Task details: Set down the data below in full and exactly, minus the pictures.

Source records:
*** Begin section ***

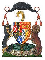 The Moderator of the General Assembly of the Church of Scotland has an official coat of arms awarded by the Lord Lyon King of Arms. It includes a shield showing the burning bush, plus the Quigrich - the crozier of St Fillan - behind the shield (with the curved head of the Quigrich visible above the shield). The shield is surmounted by a black Geneva bonnet - closely associated with John Knox. Similar to the coat of arms of an archbishop, there are the addition of twenty blue tassels arranged with ten on each side.
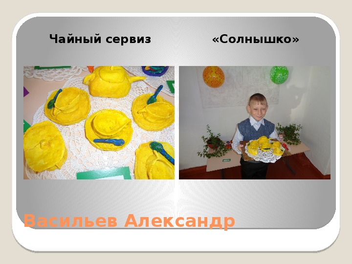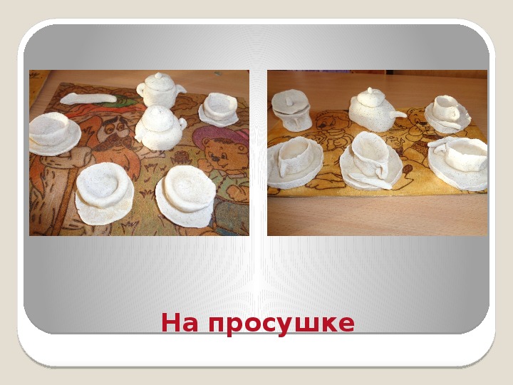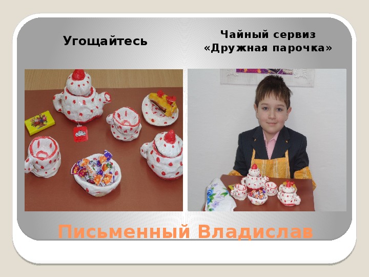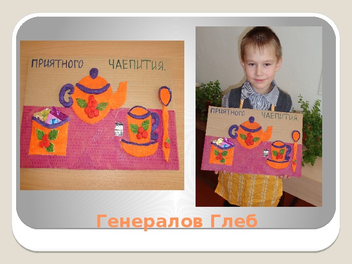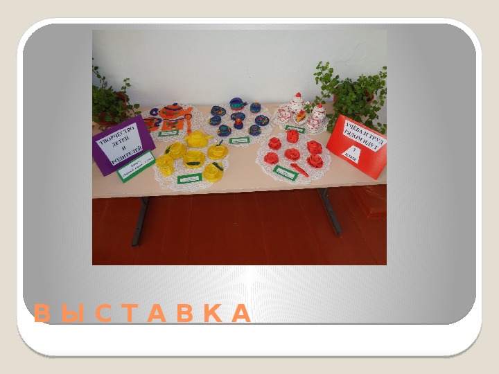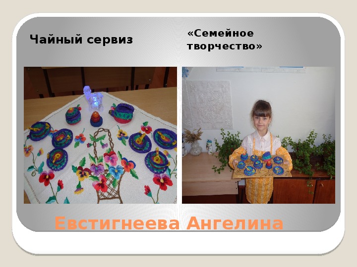 В нашей презентации показаны работы обучающихся и их родителей. В изготовлении работ принимали участие и наши папы. Они у нас очень активные. В презентации показаны работы, которые совместно можно выполнять как в школе. так и дома. Они красивые и прочные. Выполнены из солёного теста.Презентация "Чайный сервиз"
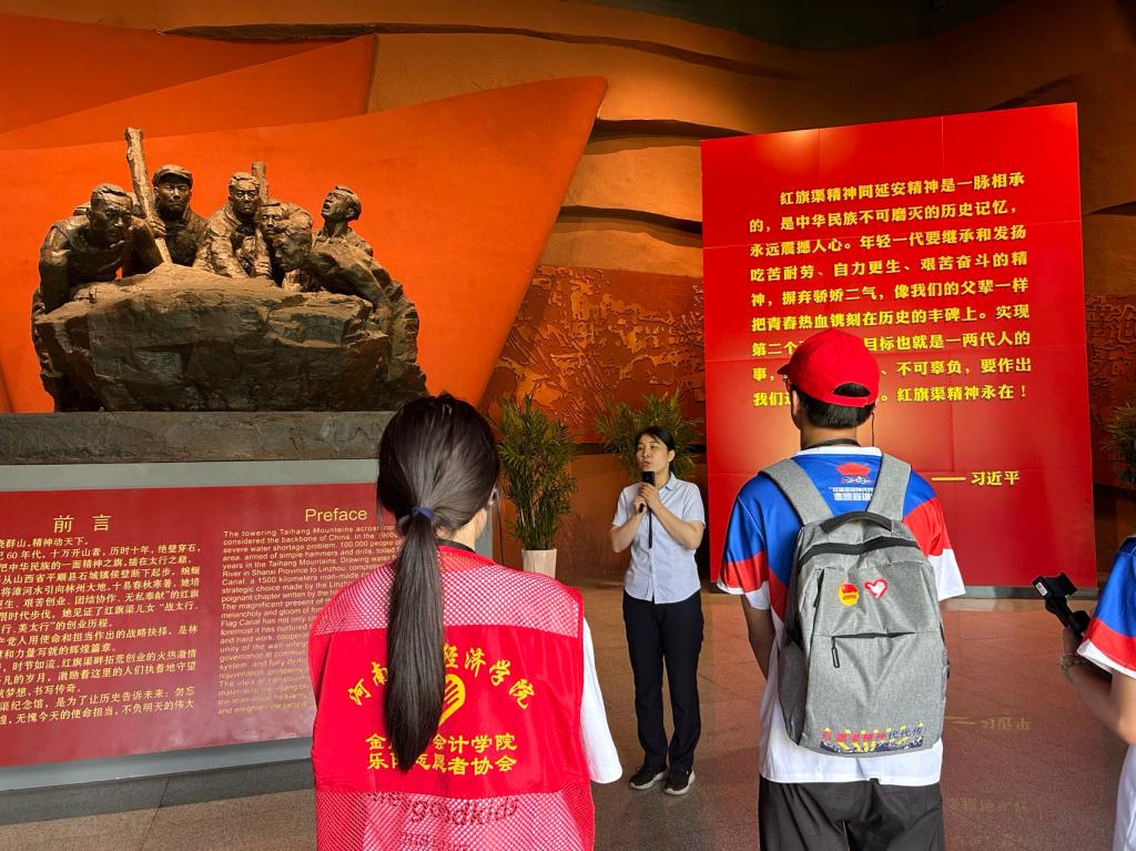 纪念馆以红色为基调,远远望去,似一条红飘带坐落在山间。实践团在讲解员的带领下,走过了515米长的展线,一幅幅惊心动魄的修渠画面,一个个随工地行走的“林红村”,一座座绳索捆脚防掉摔的“神工铺”……让大家真正感受到了那段荡气回肠的艰苦岁月。
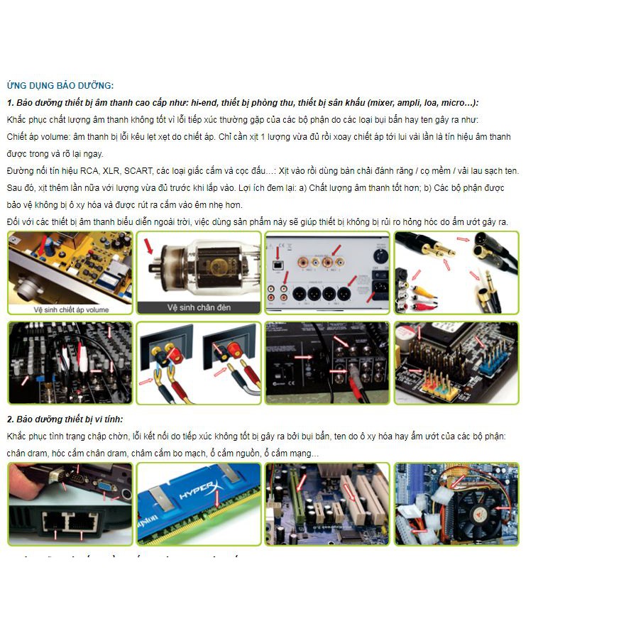 Đường nối tín hiệu RCA, XLR, SCART, các loại giắc cắm và cọc đấu…: Xịt vào rồi dùng bàn chải đánh răng / cọ mềm / vải lau sạch ten. Sau đó, xịt thêm lần nữa với lượng vừa đủ trước khi lắp vào. Lợi ích đem lại: a) Chất lượng âm thanh tốt hơn; b) Các bộ phận được bảo vệ không bị ô xy hóa và được rút ra cắm vào êm nhẹ hơn.
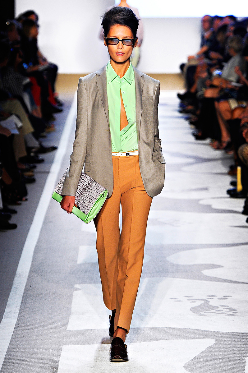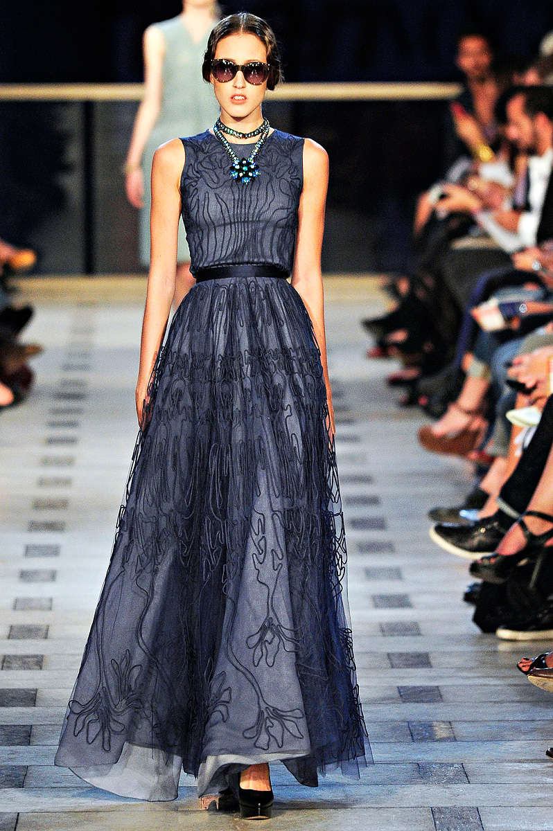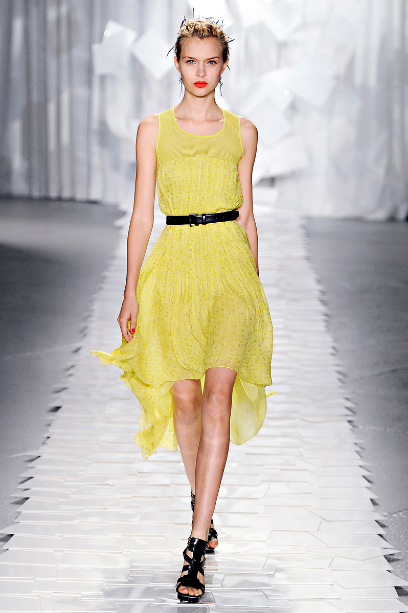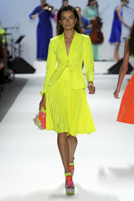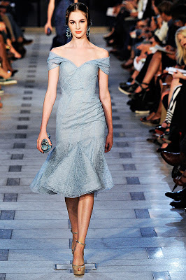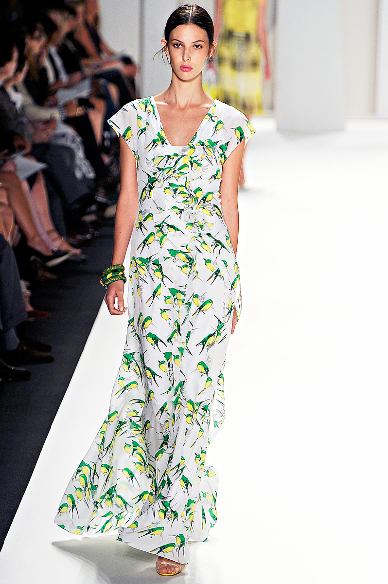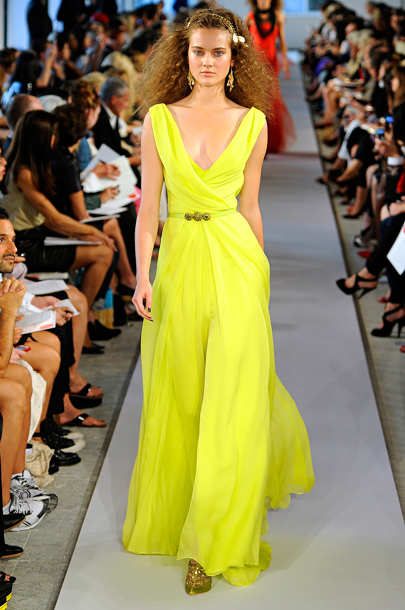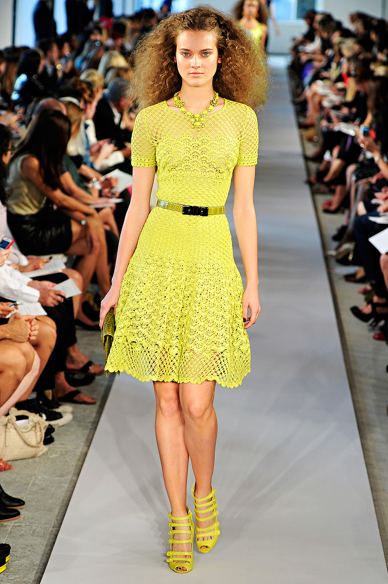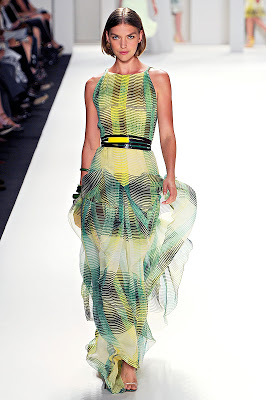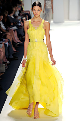 Carolina Herrera sięga do geometrii, ale w zwiewnej, kobiecej formie. I po raz kolejny w jednym z pięknych, nasyconych odcieni pojawia się kolor żółty. Warto zwrócić na niego uwagę.

*** End section ***

Exercise response:
 The Moderator of the General Assembly of the Church of Scotland has an official coat of arms awarded by the Lord Lyon King of Arms. It includes a shield showing the burning bush, plus the Quigrich - the crozier of St Fillan - behind the shield (with the curved head of the Quigrich visible above the shield). The shield is surmounted by a black Geneva bonnet - closely associated with John Knox. Similar to the coat of arms of an archbishop, there are the addition of twenty blue tassels arranged with ten on each side.
 В нашей презентации показаны работы обучающихся и их родителей. В изготовлении работ принимали участие и наши папы. Они у нас очень активные. В презентации показаны работы, которые совместно можно выполнять как в школе. так и дома. Они красивые и прочные. Выполнены из солёного теста.Презентация "Чайный сервиз"
 纪念馆以红色为基调,远远望去,似一条红飘带坐落在山间。实践团在讲解员的带领下,走过了515米长的展线,一幅幅惊心动魄的修渠画面,一个个随工地行走的“林红村”,一座座绳索捆脚防掉摔的“神工铺”……让大家真正感受到了那段荡气回肠的艰苦岁月。
 Đường nối tín hiệu RCA, XLR, SCART, các loại giắc cắm và cọc đấu…: Xịt vào rồi dùng bàn chải đánh răng / cọ mềm / vải lau sạch ten. Sau đó, xịt thêm lần nữa với lượng vừa đủ trước khi lắp vào. Lợi ích đem lại: a) Chất lượng âm thanh tốt hơn; b) Các bộ phận được bảo vệ không bị ô xy hóa và được rút ra cắm vào êm nhẹ hơn.
 Carolina Herrera sięga do geometrii, ale w zwiewnej, kobiecej formie. I po raz kolejny w jednym z pięknych, nasyconych odcieni pojawia się kolor żółty. Warto zwrócić na niego uwagę.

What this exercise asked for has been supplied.